In retrospect, I think I started to feel different from other people at nursery school. The adults were like characters out of Alice in Wonderland: uncompromising, and full of bizarre, enigmatic statements and demands. One of my abiding memories is of being constantly told not to ‘answer back to the teacher’. All I can remember thinking is, What else do I do when someone asks me a question? We were also inexplicably expected to take naps on gym mats – literal gym mats, like the dusty dark-blue ones you find stacked against the wall in a school gym. They might as well have asked us to take a nap of a piece of concrete.
Other children were little more than a nuisance. They happily took part in the straightforward activities designed for them by the adults (one particularly ingenious activity was ‘painting’ the outside walls of the nursery with pots of water – the water would temporarily stain the bricks a darker colour, creating the illusion that they’d actually been painted). They found the things that happened outside their brains more interesting than what happened within – it was possible for them to spend their playtimes interacting with one another rather than running around, trying to process the images and sounds whirling round in their heads. They even had the audacity to poke finger-holes in the deliciously smooth mountains I created in the sand pit.
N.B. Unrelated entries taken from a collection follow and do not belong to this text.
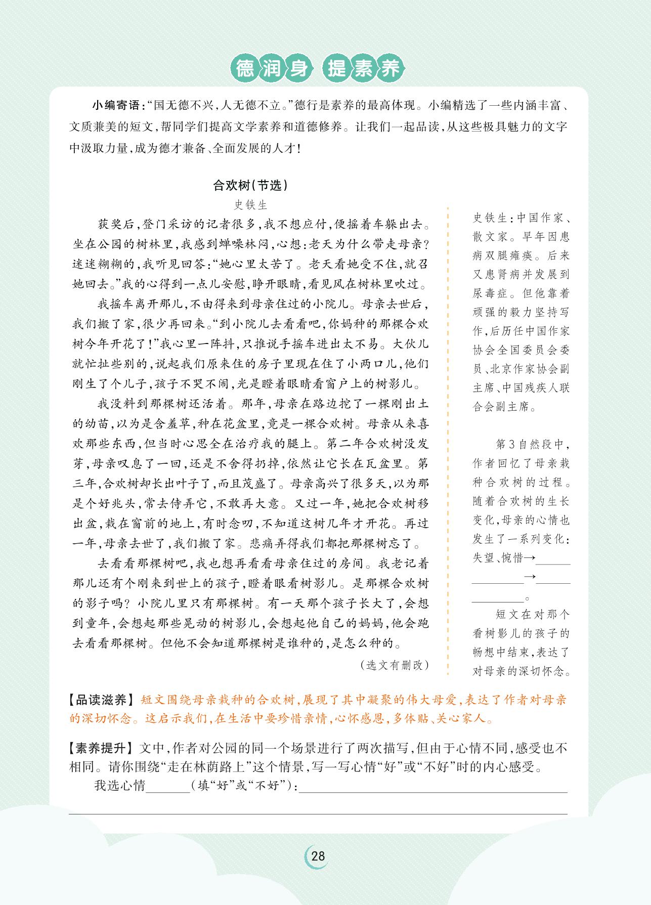 2023下册六年级语文人教版 第三单元 习作——德润身 提素养(学科素养落地)
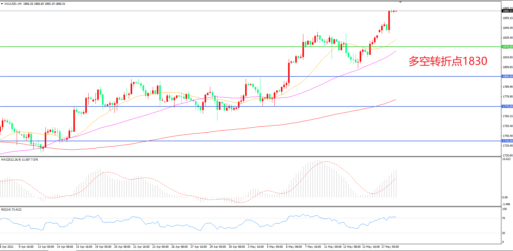 交易策略:在1830.00之上看涨,目标1865.00    1900.00
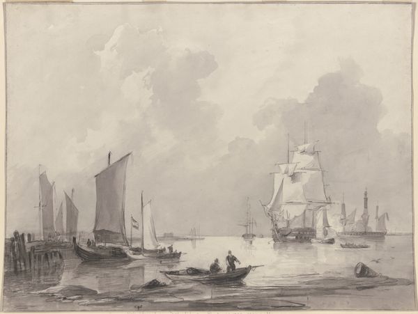 Editor: Here we have Martinus Schouman's "Ships on a Calm Sea," likely created after 1790. It’s a drawing rendered in pencil, chalk, and ink. I’m struck by its stillness; the soft greyscale palette really contributes to this tranquil mood. How do you interpret this work? Curator: The calmness you perceive reflects a very particular vision of maritime power and trade. Look closely at the ships; their size and number were potent symbols of Dutch commercial dominance at the time. Note, for instance, how the massive ships loom in the background as symbols of economic and political power, overshadowing the men in the smaller boat. Do you notice that? Editor: I see it now. It's almost like they're dwarfed by the ships, maybe representing their reliance on them. Curator: Precisely. Schouman uses these vessels almost as characters. They carry collective hopes, fears, and anxieties about overseas ventures. Consider also the single shark fin visible on the far right – does that contribute to the idea of a ‘calm sea?' Editor: That’s a good point! I suppose that small element of danger hints at the risks associated with maritime life, despite the tranquil surface. Curator: It underscores the constant negotiation between prosperity and peril inherent to seafaring and Dutch national identity during that period. This is how Schouman captures both. Editor: I see how the symbolism brings a lot of depth to what seems like a straightforward scene. Curator: Indeed, by understanding how these symbols worked together, we can start to see how this deceptively tranquil work shows us the emotional landscape tied to the era. Editor: Thank you for drawing out the multiple layers! It is very helpful.
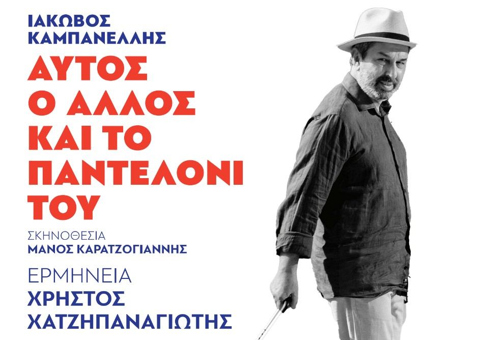 Με αφορμή το φετινό έτος Ιάκωβου Καμπανέλλη, ο δημοφιλής ηθοποιός Χρήστος Χατζηπαναγιώτης κι ο ηθοποιός και σκηνοθέτης, γνωστός μεταξύ άλλων και για τη θητεία του στο νεοελληνικό έργο, Μάνος Καρατζογιάννης παρουσιάζουν το μονόπρακτό του «Αυτός και το παντελόνι του», που

The worst thing was the Christmas play. My family still has this travesty on video: a snot-encrusted army of toddlers banging blocks of wood together in an obscene parody of an orchestra whilst tunelessly belting out a tinkly song whose lyrics are not entirely recognisable through all the lisped ‘s’s and random sneezes. In the midst of it all is me, clinging to a teacher and surveying the whole spectacle with wide-eyed horror.